CUDAdrv cannot find __host__ __device__ functions

The example vadd.jl in CUDAdrv/examples will fail if one change the memory qualifier from __global__ to __host__ __device__ in the function signature.

extern "C" {
__host__ __device__ void kernel_vadd(const float *a, const float *b, float *c)
    int i = blockIdx.x *blockDim.x + threadIdx.x;
    c[i] = a[i] + b[i];

with error message:

ERROR: LoadError: CUDA error: named symbol not found (code #500, ERROR_NOT_FOUND)

Why can’t I call a __host__ __device__ function in CUDAdrv while I can call it in main() in c/c++ ? Is there a way around this problem?

FYI I am trying to wrap the CUB library in Julia. They have many interesting routines like RadixSort. Now the road blocker is that their interface functions are mostly __host__ __device__ which I can’t call in another __global__ function.

__device__ functions aren’t kernels, but functions that you can call, on device, from within a kernel, but not directly from the host. That’s fine for CUB, which contains reusable functionality (often templated, at that). So I don’t think it makes much sense to wrap CUB, unless it also contains reusable entry-point functions/kernels.

If you really want to wrap CUB, you’ll need to create kernels that call CUB kernels, much like the BlockSortKernel example on their home page.

1 Like

Thank you for the clarification. I am very new to coda and after some reading I just realized my question is very uninformed. Cufunction wraps a function that is to be called with <<>>, or in another kernel. So no point in wrapping a host function here.

On the other hand, CUB does provide some entry points: SortPairs and friends, in the device function category. Those functions adapt for a wide range of devices through predefined policy classes. I guess they put a lot of effort in tuning the block size, batch size etc, so I am happy if I can just reuse those. Is there a way we can use those functions in Julia?

Yes, but since they all look templated templated you’ll have to go through the extra build step of creating some instances of the template, after which you can call these functions using cufunction. To avoid a package build step, you could theoretically also use Cxx.jl, or roll your own solution by calling out to nvcc from within Julia. Either way, there’s always some complexity involved.

Also note that CUB’s device functions are in principle usable through CUDAnative and Cxx.jl, see eg. GitHub - JuliaGPU/CUDAnativelib.jl as a very rough proof of concept.

After some experiment I managed to call SortPairs and friends from Julia. It is surprisingly simple, one has to:

  1. Provide __host__ wrappers that calls the __host__ __device__ functions. Export them with extern.
  2. Compile the wrapper code to a shared library, rather than .ptx/cubin/fatbin.
  3. Call the exported functions from Julia with ccall rather than cudacall. The functions typically expect device memoy pointers as parameters. You can allocate device memory with d_x = Mem.alloc(n) and pass in d_x.ptr. I am not sure it is the intended way of using CUDAdrv but for me it worked.

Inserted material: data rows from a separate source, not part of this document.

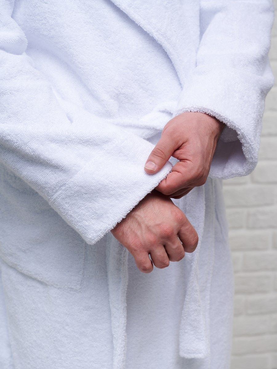 При выборе нужно также учитывать, что после стирки халат может дать небольшую усадку, а также халат должен свободно прилегать к телу, поэтому лучше выбрать изделие на размер больше.
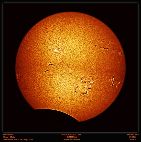 The Nov. 3, 2013 partial solar eclipse observed and captured from Malta. Credit and copyright: Leonard E. Mercer.
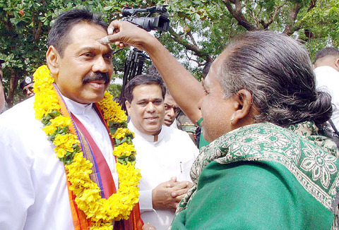 Parameswar had garlanded Rajapakse on his arrival on Saturday in Vakarai, a former rebel stronghold that was seized by security forces following weeks of fighting earlier last month.

I ran a few tests. It seems that SortKeys is two orders of magnitudes faster than Base.sort! for 1e8 Float32s on GTX1080 vs i7-6800K. Really impressive for sorting.

After skimming through more cub code I totally agree with you. Just wrapping a few device functions certainly misses the most “juicy” part of the library. As that library is being developed by NVIDIA we may well expect that it may grow into something like cublas/cufft so I won’t bother writing a full fledged wrapper now.

Oh yeah, instantiating __host__ functions and using ccall is an option too, pretty similar to instanting __global__ functions and calling them with cufunction. One advantage of the latter is that you can more easily ship PTX code, whereas shipping shared libraries is very platform dependent.